* **Record excerpts**
<<<<

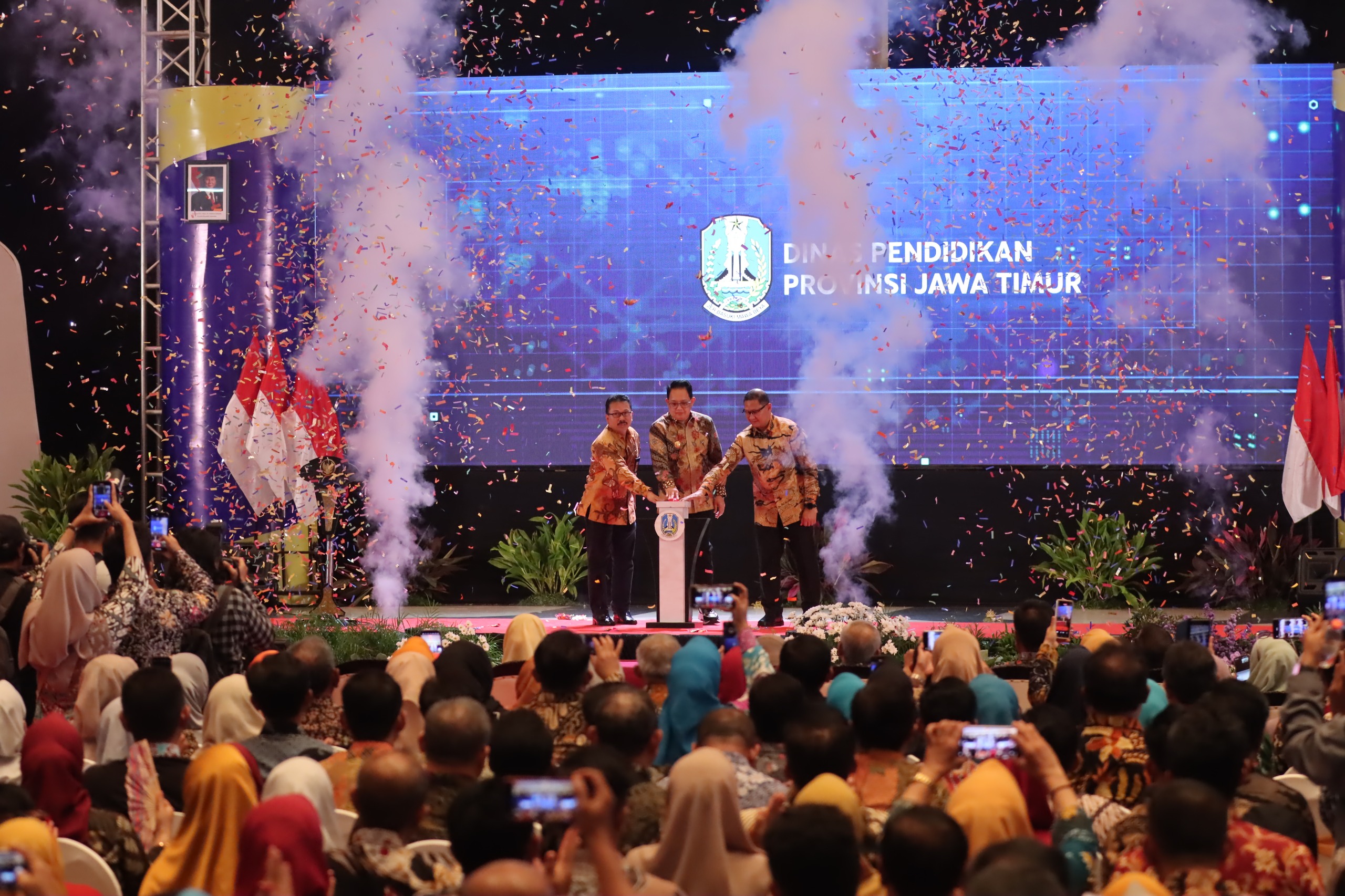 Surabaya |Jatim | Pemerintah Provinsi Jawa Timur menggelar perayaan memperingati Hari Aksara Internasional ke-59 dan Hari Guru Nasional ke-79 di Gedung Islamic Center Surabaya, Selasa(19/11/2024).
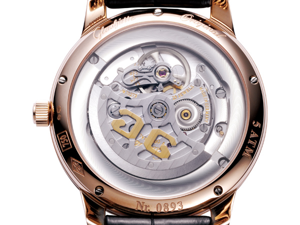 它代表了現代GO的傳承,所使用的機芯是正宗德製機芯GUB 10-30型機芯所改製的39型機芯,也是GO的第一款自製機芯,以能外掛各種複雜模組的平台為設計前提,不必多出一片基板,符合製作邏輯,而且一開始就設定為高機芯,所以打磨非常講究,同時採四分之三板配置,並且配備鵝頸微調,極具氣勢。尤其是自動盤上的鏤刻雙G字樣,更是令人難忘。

>>>>
<<<<

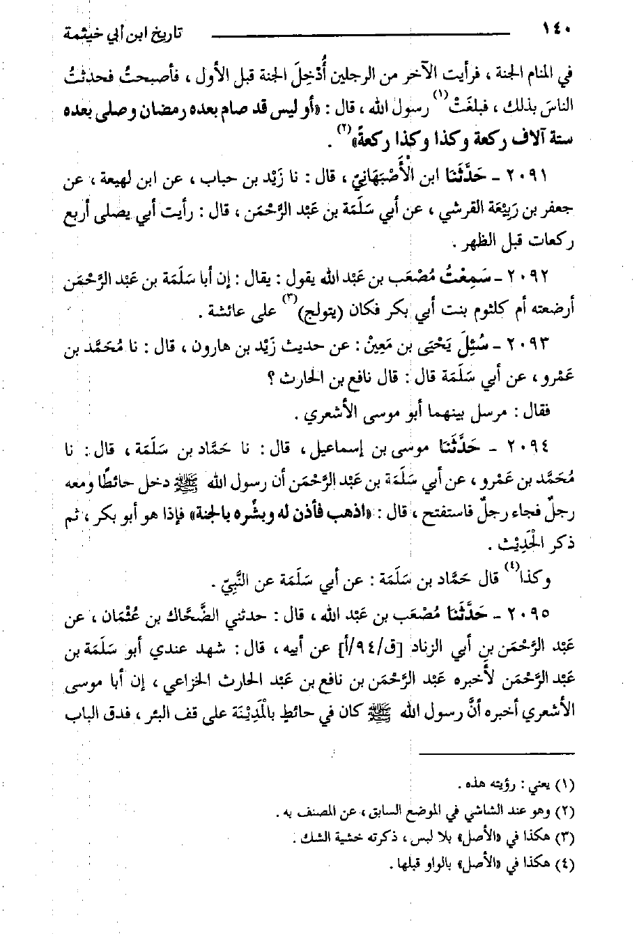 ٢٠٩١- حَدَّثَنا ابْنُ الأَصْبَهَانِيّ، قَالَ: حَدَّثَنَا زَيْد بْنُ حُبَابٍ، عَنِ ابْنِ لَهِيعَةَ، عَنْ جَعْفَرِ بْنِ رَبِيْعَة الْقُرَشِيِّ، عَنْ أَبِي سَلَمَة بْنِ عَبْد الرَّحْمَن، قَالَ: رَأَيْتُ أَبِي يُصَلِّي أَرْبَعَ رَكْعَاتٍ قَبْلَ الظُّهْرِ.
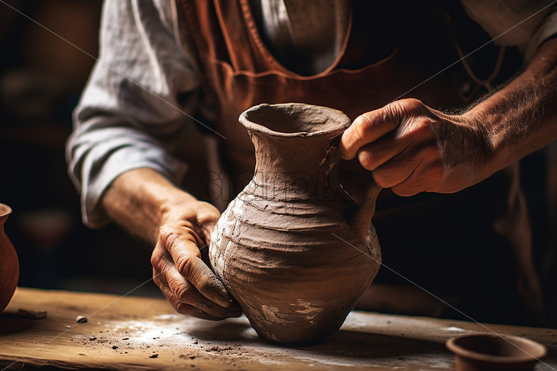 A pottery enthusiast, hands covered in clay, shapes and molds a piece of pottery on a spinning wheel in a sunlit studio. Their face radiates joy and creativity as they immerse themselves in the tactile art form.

>>>>
<<<<

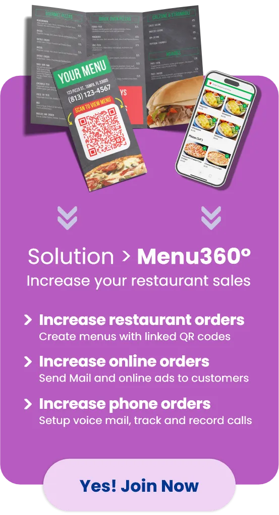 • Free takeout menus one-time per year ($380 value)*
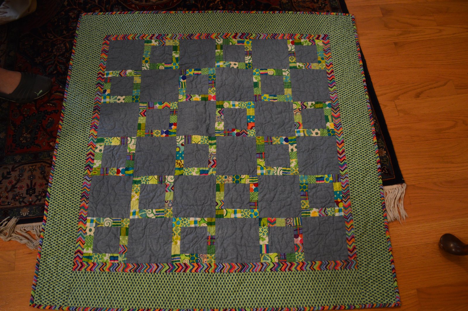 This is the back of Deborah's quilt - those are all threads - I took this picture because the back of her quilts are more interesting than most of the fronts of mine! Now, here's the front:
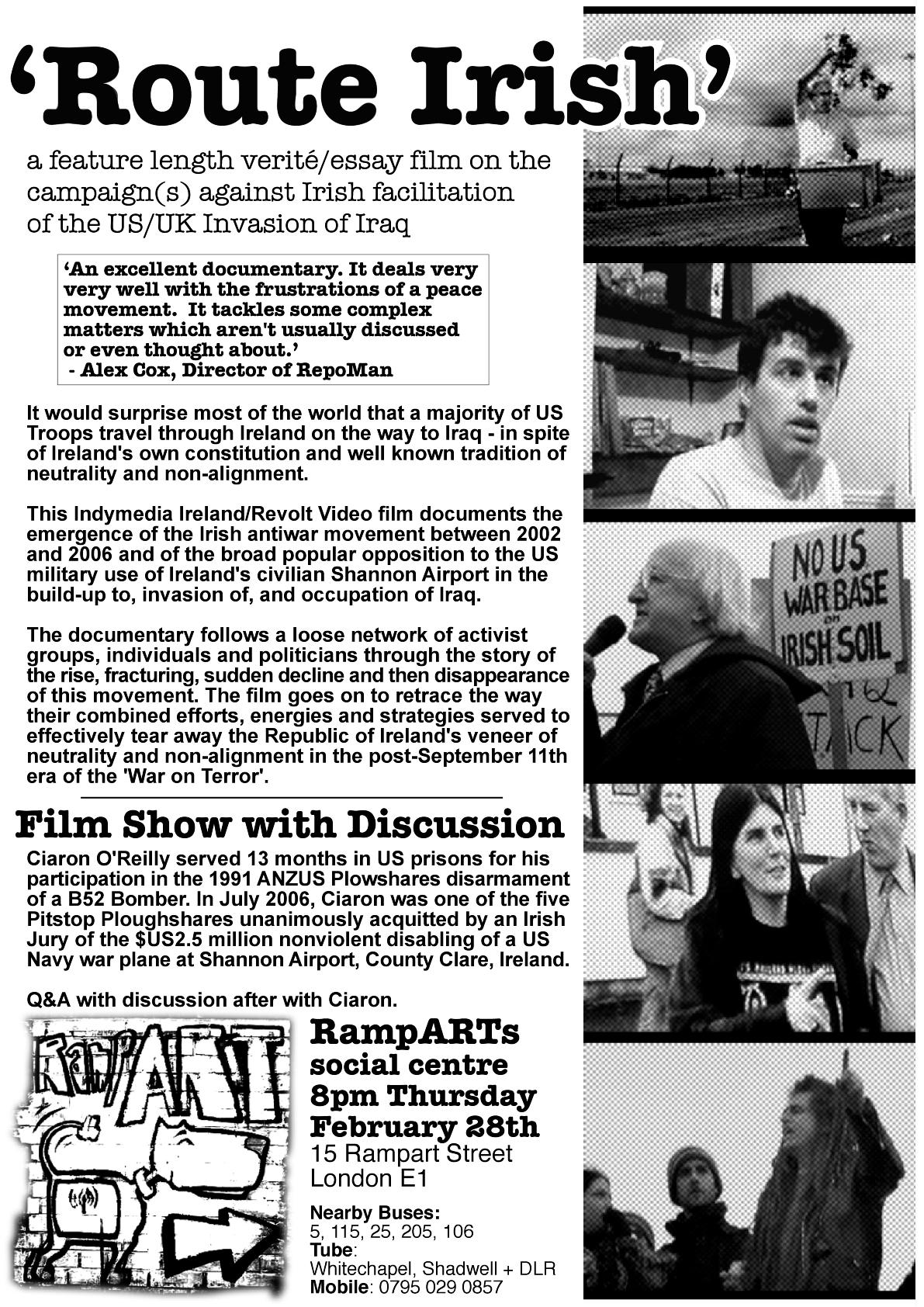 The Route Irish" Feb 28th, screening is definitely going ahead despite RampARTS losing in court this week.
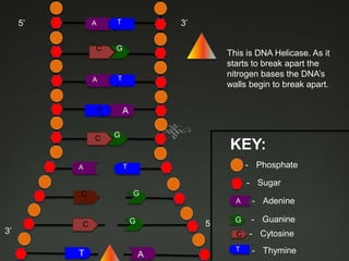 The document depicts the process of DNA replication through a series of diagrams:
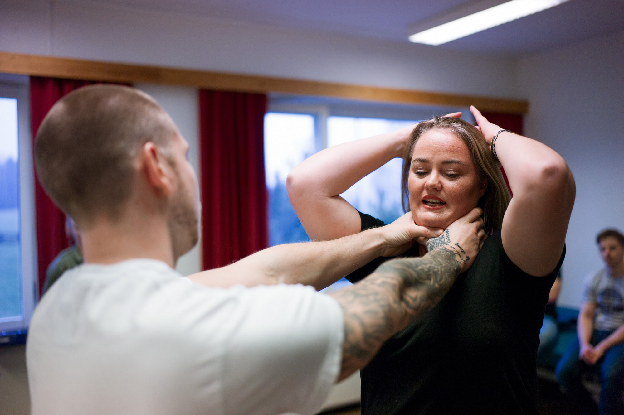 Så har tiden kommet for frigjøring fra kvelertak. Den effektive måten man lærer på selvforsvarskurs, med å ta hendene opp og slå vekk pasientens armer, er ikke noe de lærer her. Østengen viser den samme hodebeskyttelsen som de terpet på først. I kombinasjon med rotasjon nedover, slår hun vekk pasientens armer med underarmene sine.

>>>>

* **Directions**
Of the lines above, quote exactly those from the one with "year ($380 value)*" through the one with "court this week.", ends included; pictures stay out.

* **Exercise result**
 • Free takeout menus one-time per year ($380 value)*
 This is the back of Deborah's quilt - those are all threads - I took this picture because the back of her quilts are more interesting than most of the fronts of mine! Now, here's the front:
 The Route Irish" Feb 28th, screening is definitely going ahead despite RampARTS losing in court this week.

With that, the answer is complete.